Cosa voleva dire far parte dell’ex-Q?
Non so cosa volesse dire far parte dell’ex-Q. Ognuno era una parte dell’ex-Q. In fondo è normale che non ci fosse un senso di appartenenza comune. Non avevamo una fede politica o un’organizzazione comune, o una religione (e, per fortuna, anche quell’aspetto mistico naturale che avviene tra le comunità di artisti è durato poche sere). Non eravamo della stessa generazione, molti di noi si conoscevano poco o per niente, altri si sono svelati nel tempo. Insomma, questo era l’aspetto sociale e antropologico interessante dell’esperimento nella vecchia questura: la progettualità di una realtà nuova, fluida, non compromessa con il passato ma senza neanche rancori o istinti di giacobinismo nei confronti del resto della città e della politica. Se poi mi chiede di fare i nomi degli occupanti “attivisti” da me non li avrà, io posso solo parlare della loro partecipazione, del loro lavoro, ma tocca a lei scoprire altro, io dichiaro un’idea, la mia. Ad esempio uno dei lavori più interessanti che si sono realizzati è il controsoffitto del secondo piano. L’artista era un giovane straniero che viveva in Sardegna e studiava all’Accademia di Sassari. È arrivato all’ex-Q con un altro giovane che faceva delle bellissime foto ma che andò subito via anche se credo continuasse a seguire l’attività dell’ex-Q. Comunque, tornando al nostro giovane studente straniero, dopo aver realizzato un intaglio in legno di una raffinatezza straordinaria e decorato il gabbiotto del piantone all’ingresso, ha poi realizzato un cielo retroilluminato con particolari attraversati dalle scie chimiche. Cedeva una foto e realizzava un tassello, fino a completare l’intero corridoio e la sera era bellissimo illuminarlo. In tanti abbiamo sostenuto questo progetto “acquistando” il nostro piccolo frammento di cielo che poi si è trasformato in una vera opera site specific. Forse era questo il far parte dell’ex-Q, sostenere l’arte e l’artista a qualunque costo, anche a quello di apparire visionari, folli e irriverenti rispetto al piatto scorrere di una generazione di artisti e operatori culturali arresa al placido aspettare di Godot e assoggettata agli umori e agli interessi dei diversi poteri economici e politici di questa città troppo guelfa e ghibellina, troppo bottegaia e vergognosa d’esserlo, senza neanche capire quanto invece la bottega, in un città come la nostra, né metropoli né paese, possa essere fondamentale se non sono solo botteghe di partito.

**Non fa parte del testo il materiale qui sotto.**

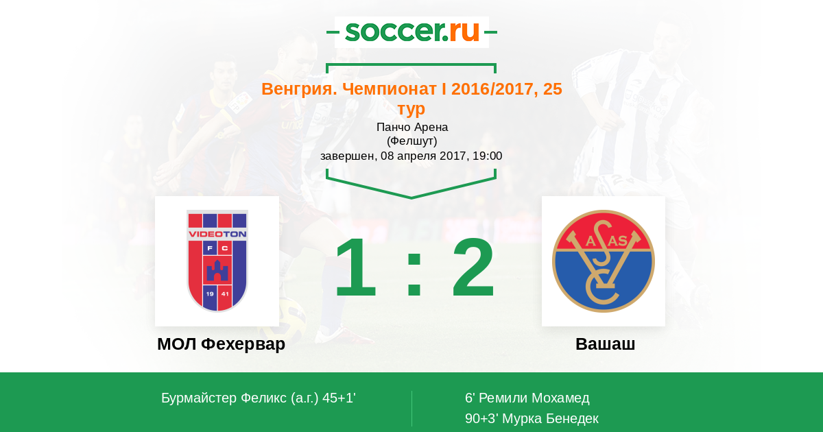 Протокол матча Видеотон против Вашаш

Un ulteriore segnale lo avete lanciato promuovendovi donatori di vestiario e cibo per le alluvioni che versavano in Italia in quel momento. Ricordo che il movimento e la partecipazione che la popolazione vi ha riservato erano fantastici.
Sì, ricordo quell’episodio anche se, in realtà, io avevo già lasciato la presidenza dell’associazione ex-Q da qualche mese. Forse non avevo neanche più il mio studio al terzo piano, dove il suo agente Paolo Marchi mi ha fotografato su una poltrona BandHouse. Comunque, a parte questo, fui subito contattato alle 3 del mattino per informarmi che qualcuno, non ricordo bene ora quale associazione fosse, aveva chiesto se si potesse usare la vecchia questura per organizzare una raccolta per gli alluvionati. Non ci fu assolutamente nessun problema e già prima dell’alba quel posto era operativo. Furono indirizzati tutti i mezzi di soccorso, privati e istituzionali in ex-Q e il coordinamento fu messo su in poche ore; prima della protezione civile e delle altre forze “di Stato”. Anche quello, senza rendercene conto, era frutto del modo di operare dove l’azione contava più delle parole o dei continui screzi tra di noi o con la città silente. Ma alla fine a vincere era il progetto, anche in queste occasioni tragiche quanto importanti per una comunità che si ritrova insieme solidale e attiva.
Non pensi che la città abbia perso un’opportunità e che forse non ci sarà mai più una realtà fresca e innovativa come l’ex-Q?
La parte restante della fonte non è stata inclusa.